Me espantó lo que oí, esa es la verdad, sobre todo por la falta de afección con la que la chica lo contaba, por la sensación de que únicamente era mío el dolor de su coleta cercenada. El caso es que los sueños me causan grandes desvelos. Sin ir más lejos, los de las horas que les he robado para leer la hipnotizadora novela de Rafael Catoira “O Escultor” (Medulia Editorial, La Coruña, 2020), en la que el personaje principal peina cuidadosamente el pelo de las estatuas femeninas que crea, en un ambiente onírico cuyo inquietante y sorprendente final no les desvelaré. Pero sí les diré que la excelente prosa de Catoira produce un efecto alucinógeno, entre lo febril y lo alucinatorio de los sueños, en ese juego como de espejos que producen las visiones oníricas donde ‘Él’ puede ser uno mismo o su antagonista -o tal vez lo contrario-, esa tercera persona del reflejo que aparece también en “Presencia”[1] de Alberto Jesús Vargas, relato que por su brevedad no me resisto a compartir con ustedes:
“Teniendo aún muy pocos años, cada vez que un mal sueño me despertaba, descubría junto a mi cama a un hombre vestido de gris que me miraba fijamente. Aterrado por su aspecto siniestro y su intención opaca, gritaba y mis padres acudían a calmarme, sin ser capaces de verle. Después de repetirse varias noches el mismo incidente, opté por esconderme bajo el embozo cada vez que aparecía e imaginar historias fantásticas que me ayudaban a huir hasta quedarme dormido.
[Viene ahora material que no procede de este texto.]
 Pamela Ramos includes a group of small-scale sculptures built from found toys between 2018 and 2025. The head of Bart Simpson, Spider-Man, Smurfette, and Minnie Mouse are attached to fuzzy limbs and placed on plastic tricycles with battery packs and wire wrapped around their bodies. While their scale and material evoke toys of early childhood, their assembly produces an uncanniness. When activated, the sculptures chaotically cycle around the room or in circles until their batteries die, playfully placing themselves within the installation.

Pasaron los años y aquel tipo siguió presentándose en la oscuridad de mis madrugadas. Yo acabé acostumbrándome a su presencia mientras soñaba con ser escritor y contar las aventuras que para evadirme inventaba. Puse empeño en ello y envié manuscritos a cuantas editoriales pude. Nadie quiso editar mis textos ni jamás alcancé a ganar el más insignificante premio literario.
Aquel verano en que, resignado, decidí prepararme las oposiciones para el Ayuntamiento, descubrí por fin quien era él. Lo vi reflejado en el escaparate de la librería, una de tantas a las que nunca llegarían mis libros, en la que compré el temario. Lo reconocí en mi imagen de hombre cargado de sueños quemados. En el vivo retrato del fracaso”.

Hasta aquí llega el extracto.